Putting myself first doesn’t mean spa days or disappearing into the wilderness (although I do love a bit of both of those). It means giving myself permission to say ‘this is not perfect but it’s good enough’, to rest, to say no when I want to say no, instead of reluctantly saying yes, to protect sleep, to not reply instantly, to do less without guilt. It’s boundary-setting, not self-absorption.
The upshot is a more patient, more present, more joyful, spontaneous, useful and energetic Kerry. It turns out prioritising your own wellbeing has less to do with selfishness and everything to do with necessity. A bit like the old oxygen mask protcol on flights.
5. (Loosely) Tracking My Protein
Measuring your food. Can there be a quicker way to suck the joy out of one of life’s greatest pleasures?
But if this sounds like something your TikToking teenagers might do then there’s a reason for that – and it’s that the generation coming through are, by and large, much more health-aware than we ever were.
And the good news is that while, yes, you can go to town measuring every grain of rice before you cook it and working out how much magnesium is in that portion of kale, a simple habit is just: track your protein. It doesn’t have to be more complicated than that.
I don’t weigh anything. I don’t count every gram. I just make sure meals contain enough to keep me full and help my muscles recover. The difference it makes is quickly evident: fewer cravings, steadier energy, better mood, better training sessions, fewer mindless snacks. It’s not about aesthetics. It’s about feeling like a functioning human who isn’t constantly craving toast and biscuits.

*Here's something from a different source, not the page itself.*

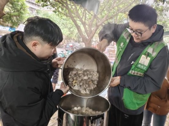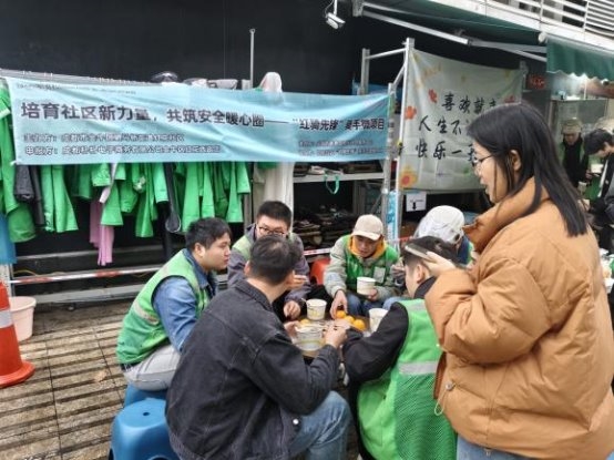 团建共餐环节温情满满,骑手们自主分工、协作烹饪,从食材管理到菜品烹制全程亲历亲为,在欢声笑语语烟火气中拉近了彼此距离。期间,骑手项目负责人牵头引导大家围绕配送困难、社区服务需求、生活便利诉求等话题畅所欲言,社工运用专业访谈技巧记录核心诉求,协助梳理形成具体建议,构建“骑手诉求表达—社工专业梳理—多方协同回应”的沟通闭环。从“穿行的陌生人”到“社区的熟面孔”,骑手们正以“移动探头”“温情纽带”的身份深度嵌入社区肌理。他们将配送路径转化为社区观察的“毛细血管”,通过社工反馈至社区治理平台,用“顺路的善意”搭建起服务群众的“最后一百米”。这种从“被动参与”到“主动共建”的转变,让骑手群体真正成为社区治理的“新力量”。

And here’s why protein is the one macronutrient worth paying extra attention to: it’s the foundation of your body. Your muscles, bones, hormones, enzymes, immune system, connective tissue, skin, hair — everything meaningful in your body uses protein as its raw material. When you increase strength training or Zone 2 work, your body immediately starts breaking down and rebuilding tissue. If you’re under-consuming protein, that rebuilding process becomes slower, harder, and far more fatiguing than it needs to be.
Beyond 40, the recommended daily intake for anyone who exercises - strength training, running, gym classes, swimming, anything - is very roughly 1–1.5g of protein per kg of bodyweight. So for an 80kg person, that’s 80–120g a day. If you’re not currently exercising it should be 0.8-1g per kg bodyweight.
Most people aren’t intentionally avoiding protein – but the western diet is very carb heavy (carbs are cheaper to produce and to manipulate for mass consumption), and most just assume they’re getting enough when they’re not even close.
To give you a sense of how simple this can be to eyeball:
• A typical chicken breast: ~30–35g protein
• A tin of tuna: ~25–30g
• 200g Greek yoghurt: ~18–20g
• Three eggs: ~18–20g
• A scoop of whey protein: ~20–25g
• Cottage cheese (200g): ~24g
• Lentils (cooked cup): ~18g
Once you know those anchor numbers, you can estimate all day long without needing a calculator.
I don’t weigh anything. I don’t count every gram. I just make sure meals contain enough to keep me full and help my muscles repair properly. The result is fewer cravings, steadier energy, better mood, better training sessions, fewer mindless pre-bed snacks.
It’s the simplest nutritional shift I’ve ever made, and probably the most effective.